DATA SEGMENT START

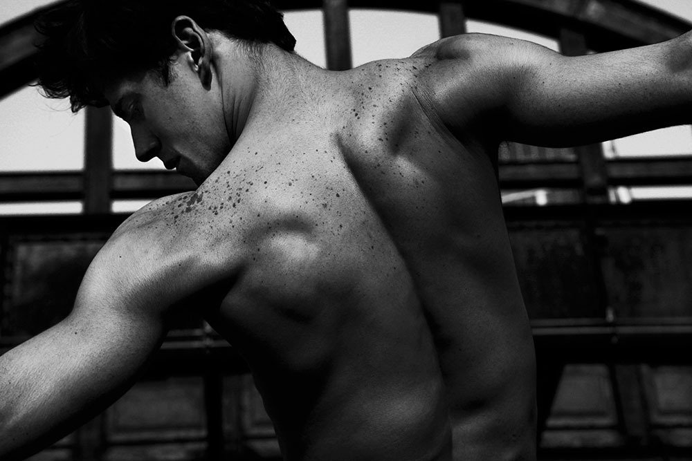 Out of everything I could love about these photos – the composition, the lighting, the poses, his musculature – my favorite thing is the freckles across his pectorals. They look like little stars.
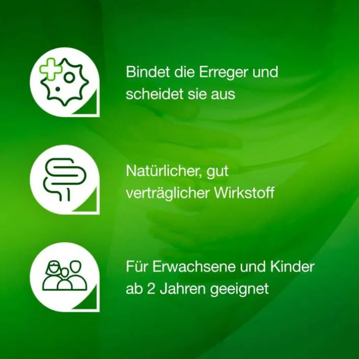 - Das Arzneimittel bindet die Durchfallerreger und unterstützt Ihren Darm dabei, die Erreger auszuscheiden. Dies trägt zur sanften Linderung der Beschwerden bei.
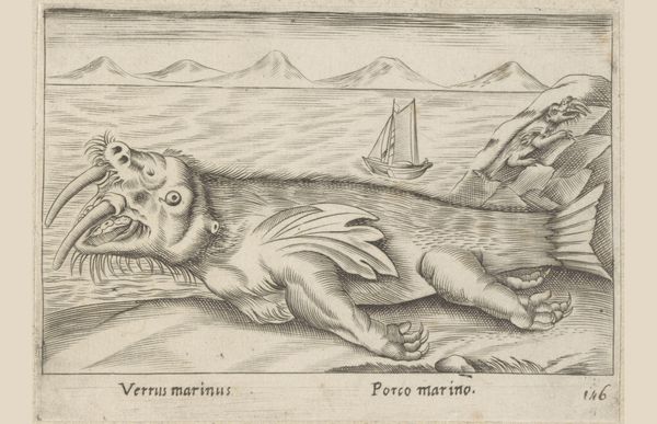 Curator: I find the starkness of this engraving so compelling. Look at the contrast of light and dark, the animal rendered with such precision, despite being, well, a sea calf. Editor: I’m struck by the quality of the line work. Antonio Tempesta created this print before 1650; can you imagine the labor involved? The minute cross-hatching suggests the animal's skin, but also, importantly, shows an expertise in materials readily at hand and widely traded, highlighting an artist working within both the physical constraints and broader mercantile context of the era. Curator: It’s an interesting contrast to the animal’s situation, stuck between environments. The Baroque era did have this thing of ordering and classifying the world in an attempt to put everything in its place and give meaning, but prints like these ended up circulating widely, and reshaping worldviews and creating new social dynamics by disseminating ideas and information on a mass scale. It’s amazing to me that a little “sea calf” could embody this kind of transformative power. Editor: Absolutely. I wonder about the engraver's tools. What kind of burin was used to get such fine lines? And what kind of paper received the ink so well? Was the print intended as a study? I'm less interested in Tempesta's intentions than in how these materials mediate his engagement with the natural world. A natural wonder translated through artisanal knowledge. Curator: That makes me consider the contemporary impact, and how, as a multiple, prints like this one were sold and traded, informing social norms, class relations, and influencing our own gaze. What about the broader socio-political landscape—might prints like these feed a kind of anthropocentrism that justifies our separation from, and thus exploitation of, the natural world? Editor: Well, and let's consider the audience too, who would've seen and understood this print. Were these the elite and wealthy, or a rising merchant class seeking new horizons and investments? That level of consumerism becomes tied to the material and manufacture itself, impacting production methods. Curator: It leaves me thinking about the interplay of knowledge, power, and image-making in that period. The natural world reduced to ink and paper—circulated and consumed—is potent stuff. Editor: For me, it prompts thinking about the artist's knowledge, their craft—a connection across time, expressed in the lines of a calf at the edge of an early modern world.
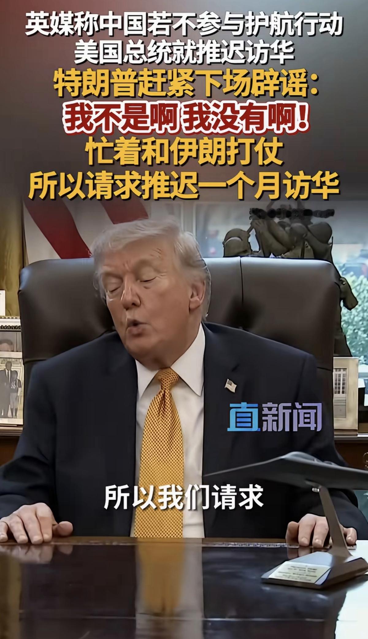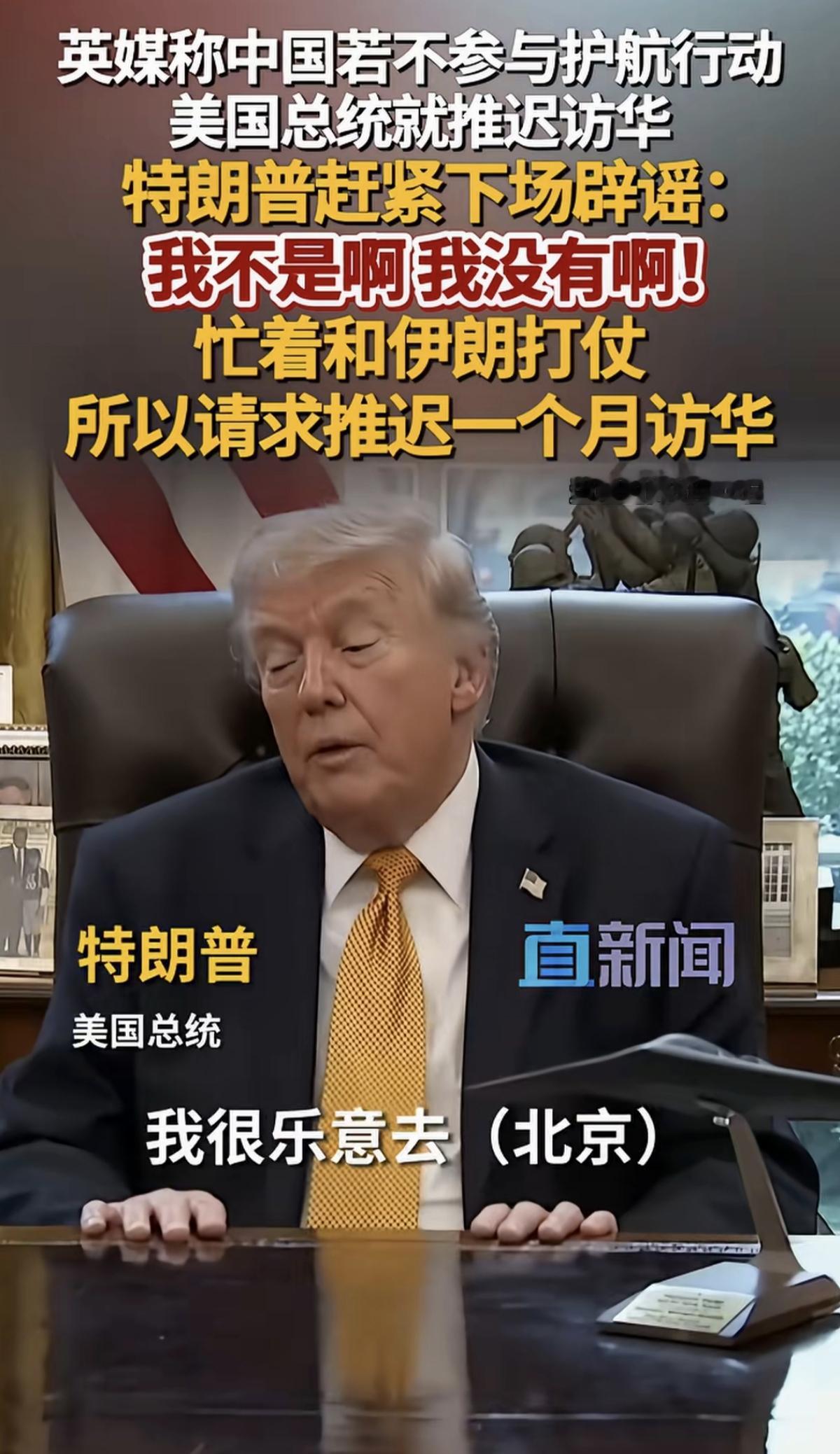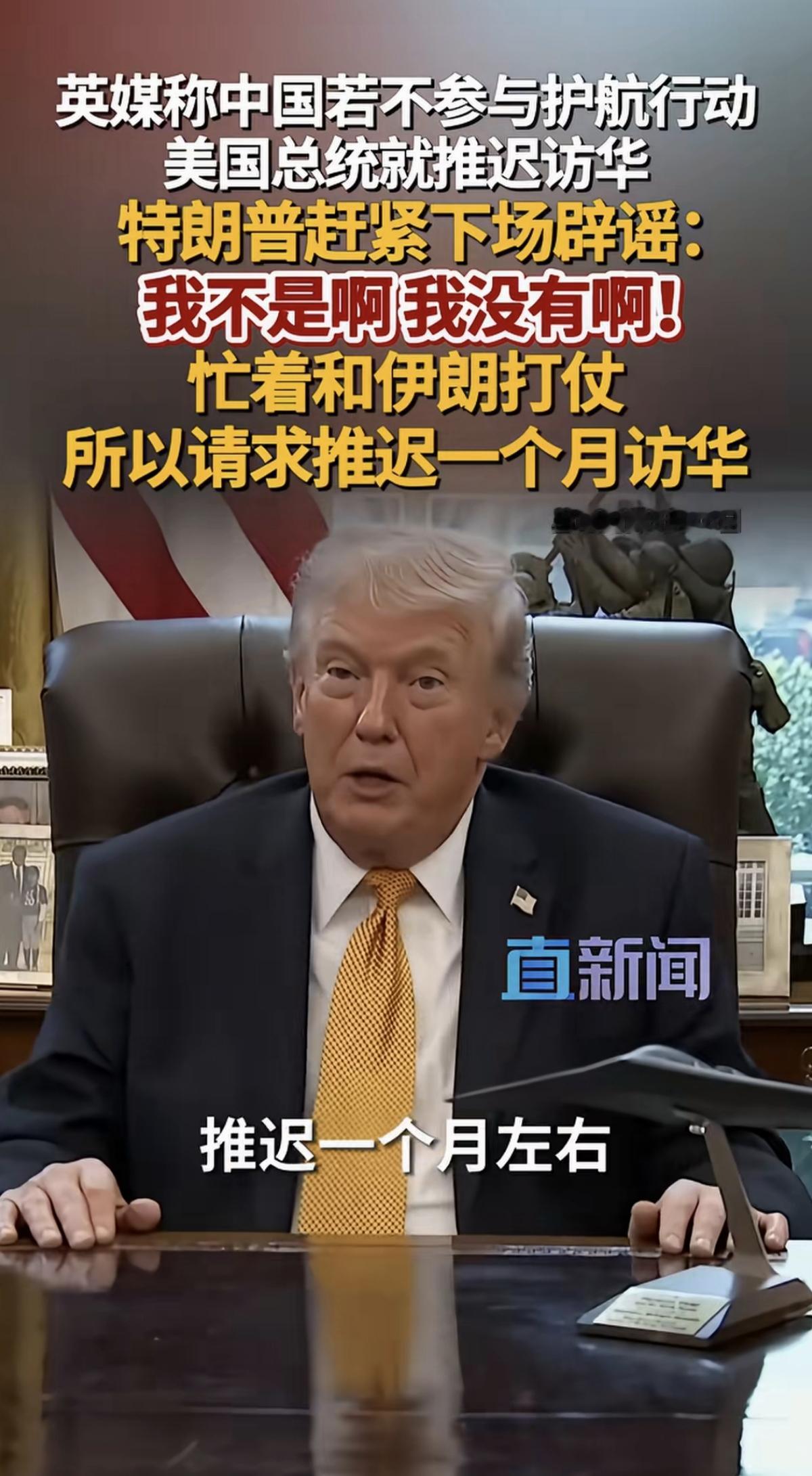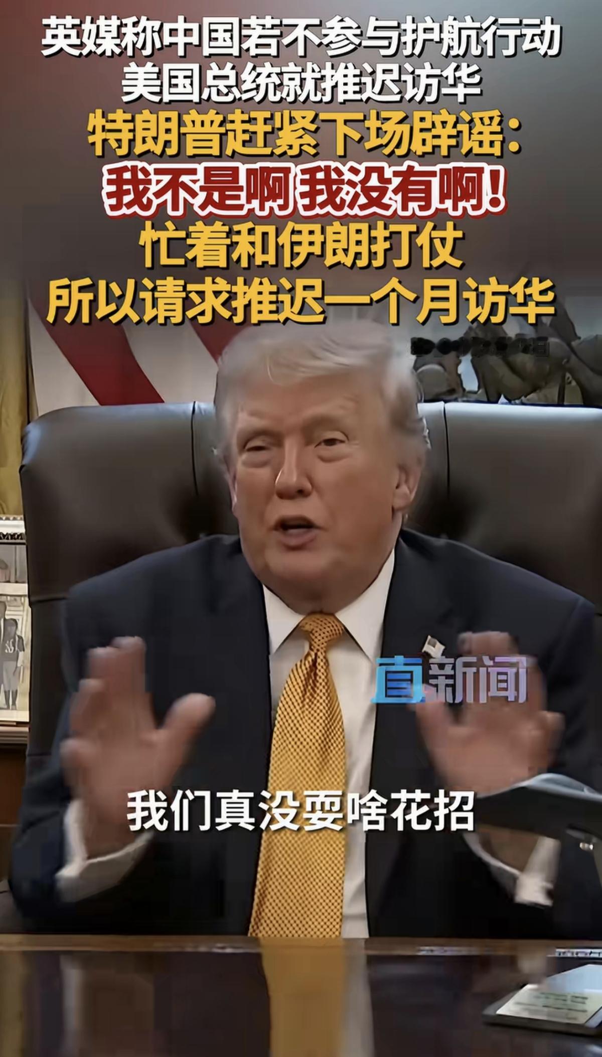 特朗普:我没耍花招,我特别希望去北京,但是现在我必须坐镇白宫! 特朗普最近说了两件事情,第一确实要推迟访华,初步估计推迟一个月,第二,指责日本、韩国等国家,关键时刻袖手旁观,让特朗普很不爽! 特朗普称,推迟访华并不是外界传言的那样,因为中国不出兵去霍尔木兹海峡护航,所以推迟访华,而是现在美军正在作战,自己需要“坐镇”白宫。同时特朗普称推迟访华的事情,是美方向中方发出了请求,意思是中美经过了友好的商量! 第二,特朗普批评日本、韩国、德国等国家,称美军在这些国家驻扎几万士兵,在保护他们,但当美国需要这些国家出动舰艇护航,出动扫雷舰去霍尔木兹海峡扫雷的时候,他们却一个也不来!看起来特朗普非常不满意。 现在特朗普终于明白了,美国已经不是以前那个美国了,不仅不再“一呼百应”,而是已经指挥不动传统盟友了,美国的影响力正在迅速下滑,在这样的情况下美国继续与中国对抗没有好结果,所以我们看到特朗普在推迟访华的问题上表示是自己“请求”了中方,姿态放得特别低! 也许,这次与伊朗一战之后,美方会重新审视自己的盟友、检讨自己的战略,在对华方针上做出重大调整,开始加强合作而不是继续搞对抗。

DATA SEGMENT END

_WHAT NEEDS TO BE DONE_. Please output the listing above exactly from its first line through the line with "- Das Arzneimittel", both included, and nothing beyond that line. Omit pictures.

_SOLUTION_.
 Out of everything I could love about these photos – the composition, the lighting, the poses, his musculature – my favorite thing is the freckles across his pectorals. They look like little stars.
 - Das Arzneimittel bindet die Durchfallerreger und unterstützt Ihren Darm dabei, die Erreger auszuscheiden. Dies trägt zur sanften Linderung der Beschwerden bei.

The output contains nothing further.